Similarly, some states have climbed out of recession faster, some further, but all have been pulled up by the president's policies that are moving us forward. While we're far from a full recovery, "we're all in this together; we rise and fall as one nation and as one people," as the president says.
What we're seeing from Romney as the leader of his party is the worst and most predictable kind of politics. Republican Senate Leader Mitch McConnell has said his party's top priority is to defeat Obama. Not to create jobs. Not to get our economy going again. But to win an election.
His troops have carried out that mission in lockstep. Congressional Republicans have stalled, slow-walked or stopped everything -- even blocking the president's jobs plan, which addresses the most important issues in the country and is full of bipartisan ideas that would create as many as 1 million new jobs for our teachers, police officers, firefighters and construction workers.
Another part of the president's jobs plan would create tax incentives to reward companies that bring jobs back to America rather than those that send them overseas.
But we're unlikely to see Romney start showing any signs of leadership now. In a major report from The Washington Post, we learned that Romney's corporate buyout firm bought companies that specialized in outsourcing. He made a fortune helping companies send American jobs to China, India and Mexico, maximizing profits for himself and his investors while laying off American workers, gutting companies and devastating communities here at home.
If Romney really supports American jobs as strongly as his stump speech suggests, he'd stand up to members of his Republican Party and encourage them to pass the president's jobs plan.
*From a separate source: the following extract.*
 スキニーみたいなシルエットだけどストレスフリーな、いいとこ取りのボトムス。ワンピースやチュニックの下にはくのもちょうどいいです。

If that's a bridge too far, perhaps he'd consider coming up with a jobs plan of his own. As former Clinton Treasury official Brad DeLong said, "President Obama has a plan for dealing with our cyclical unemployment crisis," but Romney does not.
Even worse, according to Harvard professor and former Obama budget official Jeffrey Liebman's op-ed in The Wall Street Journal, Romney's ideas "would slow the recovery, reversing the gains we have made since the recession ended."
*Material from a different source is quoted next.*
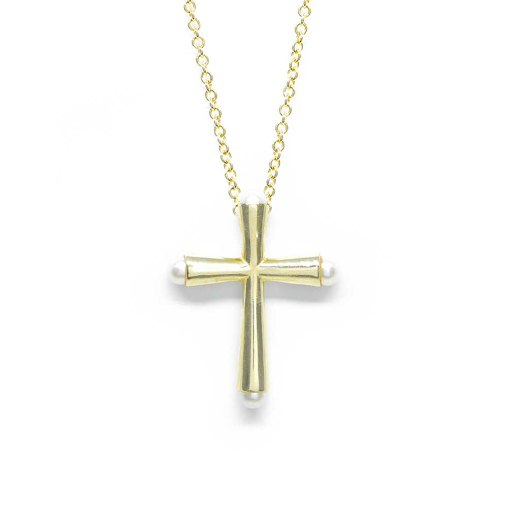 Σταυρός minimal από κίτρινο χρυσό 14k με μαργαριτάρια

Which is why Romney is trying to convince voters of two impossible contradictions simultaneously. One, that the national economy is lousy, but state and local economies are improving. And two, that if an economy has improved, it's only because of Republican efforts and in spite of the president's leadership.
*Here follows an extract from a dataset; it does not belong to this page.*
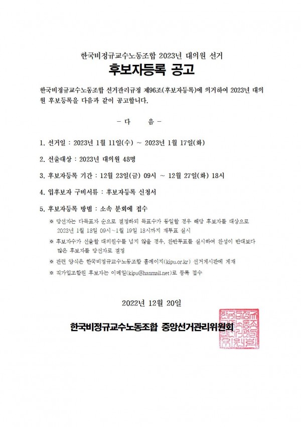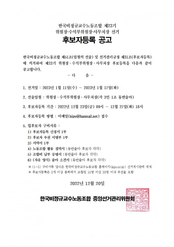 본조 임원 및 대의원 선거 후보자등록 공고

Economists disagree, and even Republican governors refuse to play along with Romney's games.
Romney's detachment from, or denial of, the truth is not just a political tactic or say-anything-to-please character flaw. It reveals a lack of leadership. It reveals an elemental attitude he shares with the special interest super PACs that support him -- silence the truth, show indifference to the hardship of others and sow distrust of the American people's belief in the common good and common sense.